The Hindu Business Line/ 27 Apr 2018
By Professor Sukumar Muralidharan
Mood swings of both Pyongyang and Washington DC could change the script, but reconciliation on the Korean peninsula now seems within reach.
The “madman” routine in foreign relations is one that could in certain circumstances, be deployed to great advantage. It involves a simulation of irrational and volatile behaviour, that induces so deep a sense of dread among adversarial states, that some form of appeasement becomes an acceptable course.
Since inheriting the mantle of leadership in North Korea, Kim Jong-Un has fed news reports about a deep streak of insanity, allegedly ordering the murder by toxic needle of a half-brother in Kuala Lumpur and executing dissident generals by placing them in the path of high-powered artillery. He also threw in a steady stream of insult and invective with the seeming assurance — especially since Donald Trump moved into the White House — of reciprocity from that quarter, heightening global concern over an absence of adult responsibility in high places.
Last December, just when the insults were flying at their most furious, US Secretary of State Rex Tillerson, spoke out rather strangely, proposing talks with North Korea. Pushback was almost instantaneous from the White House, which authorised a statement that there had been no change in official policy.
Tillerson’s abrupt sacking mid-March may have been delayed punishment for stepping out of line on North Korea. His designated successor, Mike Pompeo, gained appointment as director of the Central Intelligence Agency (CIA) on the record of his participation as a Congressman from the mid-west — where concern for the outer world is minimal — in intelligence oversight committees.

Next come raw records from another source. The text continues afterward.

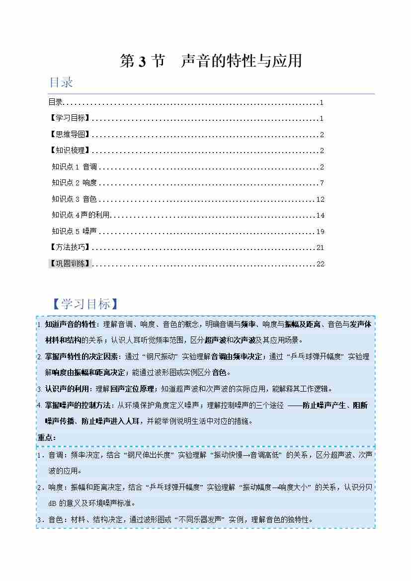 第3节 声音的特性与应用(举一反三讲义)(原卷版)
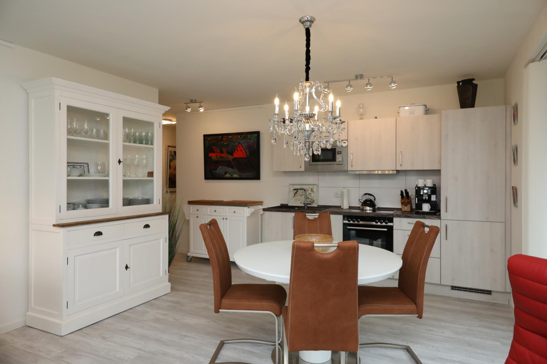 Genießen Sie Ihren Urlaub und die Vorzüge dieser 76 m² großen Neubauwohnung. Ein gemeinsames Frühstück auf dem Balkon ist der perfekte Start in den Tag. Die hochwertige und überdurchschnittlich ausgestattete Küche inklusive Kochutensilien und Fischbesteck, sowie der geräumige Wohn- und Essbereich lassen keine Wünsche offen. Abends können Sie in Ihrer eigenen Sauna entspannen, oder Sie lassen den Tag bei einem Glas Wein in der gemütlichen Sitzecke ausklingen.
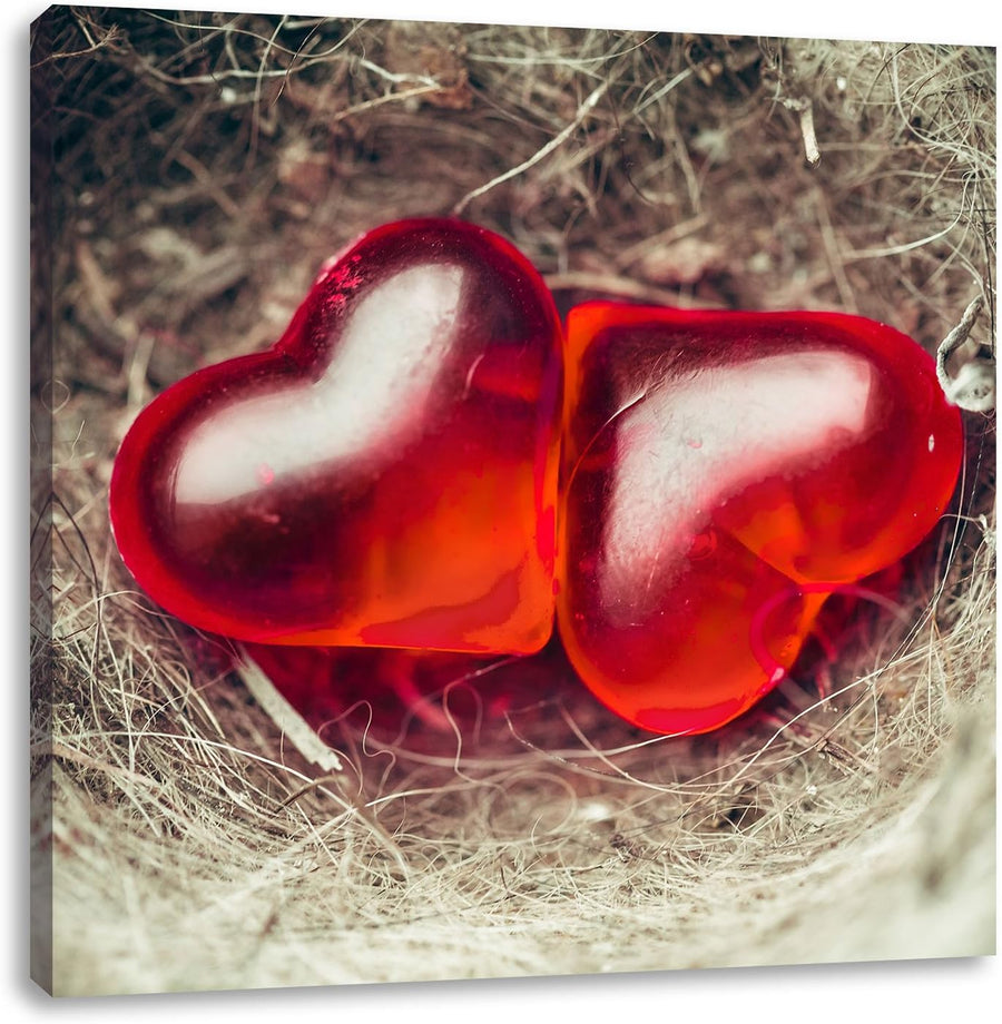 Pixxprint Zwei Herzen, Format: 70x70 auf Leinwand, XXL riesige Bilder fertig gerahmt mit Keilrahmen,

As a man who sees virtue in the unthinking exercise of power, Pompeo is expected to serve Trump’s agenda better than the former petroleum industry grandee Tillerson. That image of a President moulding his foreign policy team in his own simplistic image, was reinforced when Trump sacked his national security adviser, the highly-regarded three-star general HR McMaster. Replacement John Bolton brought to the job the distinction of being blackballed by his party representatives when the last Republican president, George W Bush, nominated him as ambassador to the United Nations.

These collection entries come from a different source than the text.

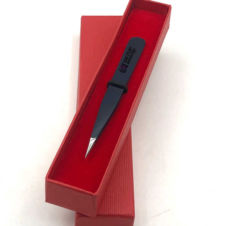 แหนบต่อคิ้วปลายสีเงินปลายแหลมเคลือบผงเที่ยงคืนใช้ทำโลโก้ได้ตามต้องการ
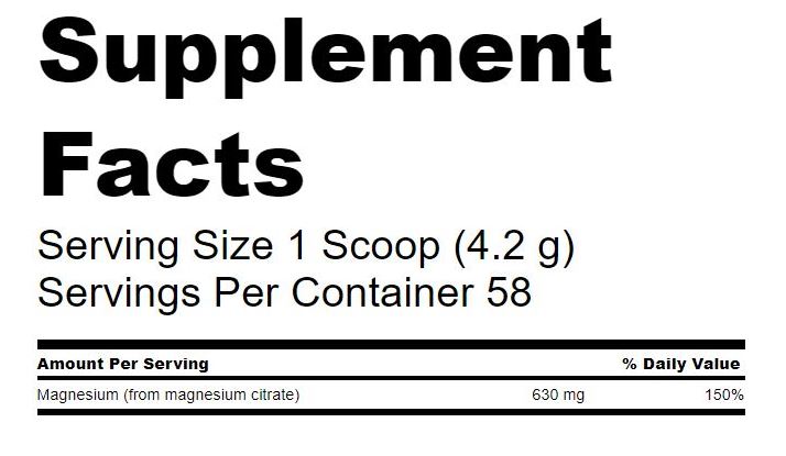 Hágæða magnesíum-sítratduft Inniheldur Sítrat, sem tryggir hámarks frásog er í duftformi, sem auðveldar að sérstilla skömmtunina
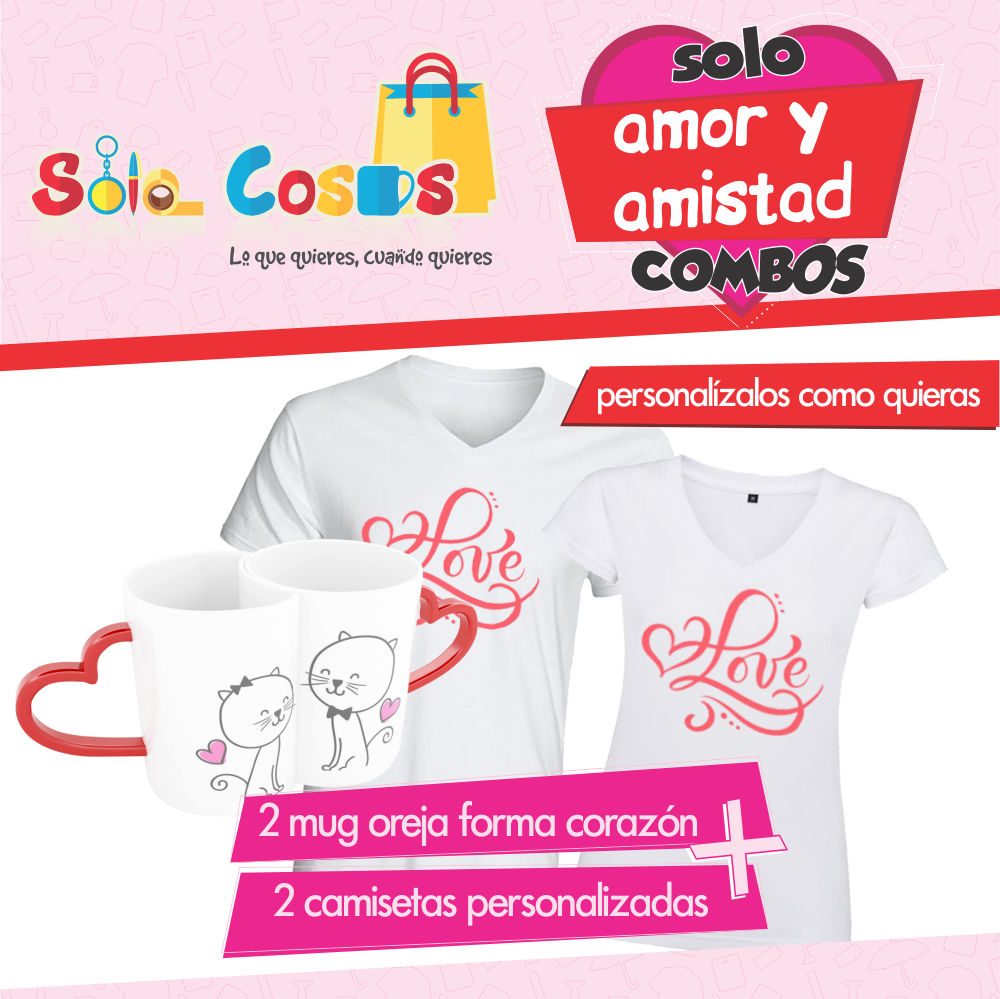 Combo mugs y camiseta Amor y Amistad
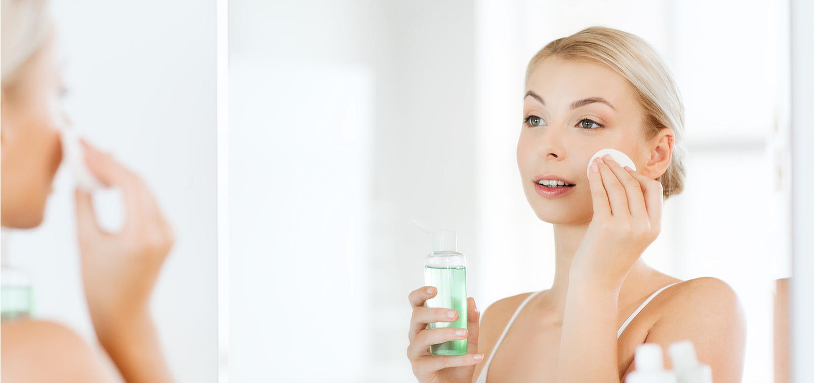 正确示范:将爽肤水适量倒在化妆棉上,轻轻的由内往外、下往上的方向涂抹脸部和颈部。这个方法还能起到二度清洁的作用。
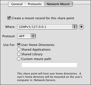 To configure a new share point that also has the network mount option, see the task "To configure new share points" earlier in this chapter. | 4. | Once you've selected the share point on which you wish to enable the network mount option, click the Network Mount tab to the right of the sharing browser (Figure 5.136).
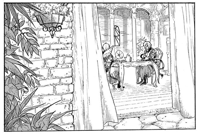 なんかもうひたすらルシオとルシフェル様が座って会話してるだけなので…まじで構図の限界を感じてしまう…。次どこにカメラ置けば良い???

Bolton and Pompeo seemed the dream team for a President who thought it rather dumb for the US to scale back spending on nuclear weapons, where it outspends the rest of the world several times over. Bolton has set himself the immediate priority of tearing up a nuclear restraint agreement the US led a number of allies in negotiating with Iran during the Obama presidency. It was totally out of character for this team of hawks then, to initiate a pathway towards a negotiated end to the nuclear crisis on the Korean peninsula. Most breathtaking of course, was Pompeo’s lead role in the process, as Trump’s secret envoy to North Korea over Easter.

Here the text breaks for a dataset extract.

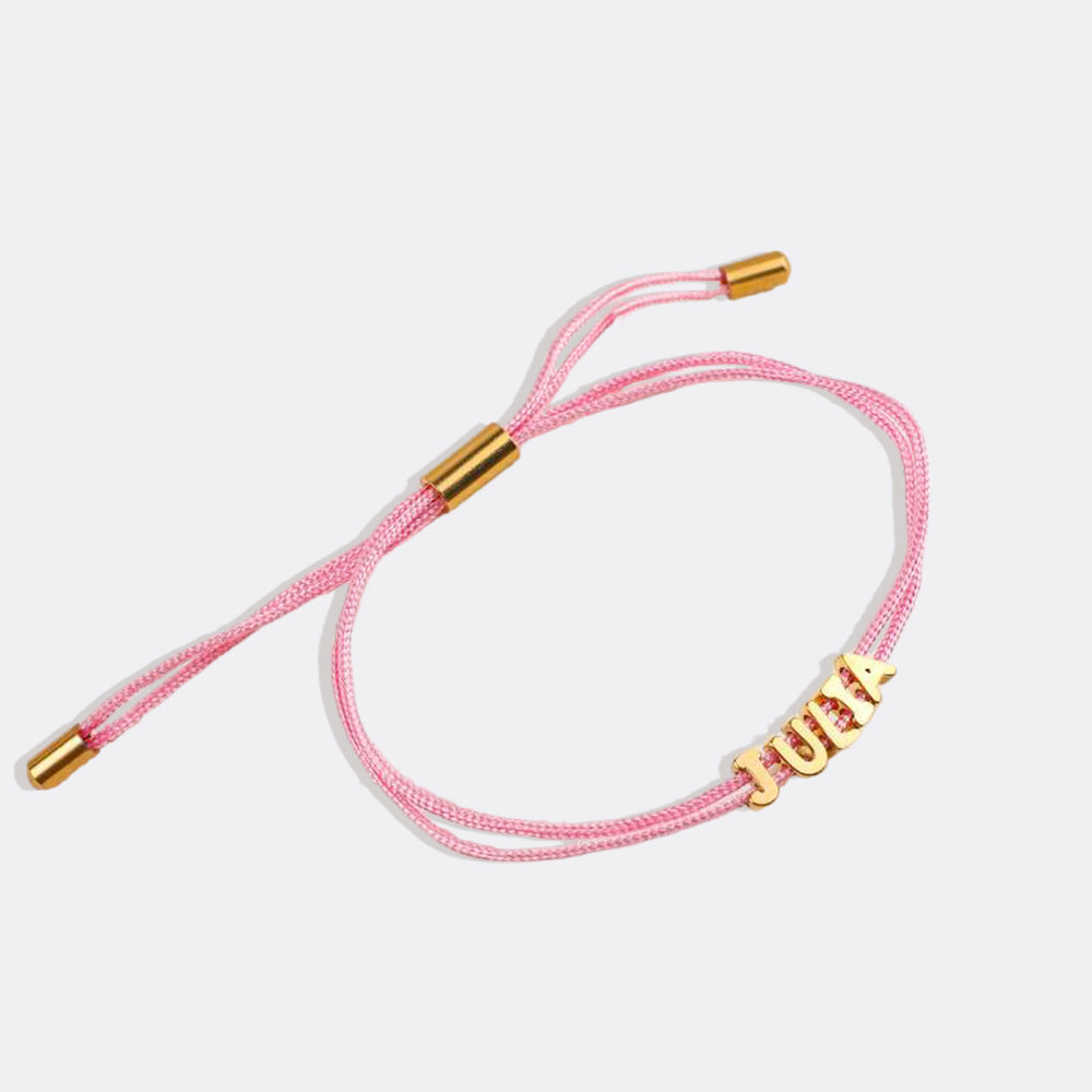 This whimsical bracelet features your name or a meaningful word beautifully crafted and attached to an adjustable band, ensuring a perfect fit for any wrist size. Ideal for daily wear or as a personalized gift, this piece adds a unique and personal touch to your jewelry collection, allowing you to keep something special close at hand.

Once the sense of novelty was dispelled, what lay revealed was a pathway strewn with obstacles. “Denuclearisation” is the presumed objective, but that is a word which carries different meanings with every one of the principals. For the US, it means a verifiable end of the North Korean nuclear weapons programme, the dismantling of existing explosive devices and their delivery systems and the phased elimination of its fissile material stockpile. For North Korea, it means the elimination of existential threats that originate across a wide theatre, including in US conventional forces stationed in South Korea and Okinawa, and nuclear fleets that sail in the near vicinity.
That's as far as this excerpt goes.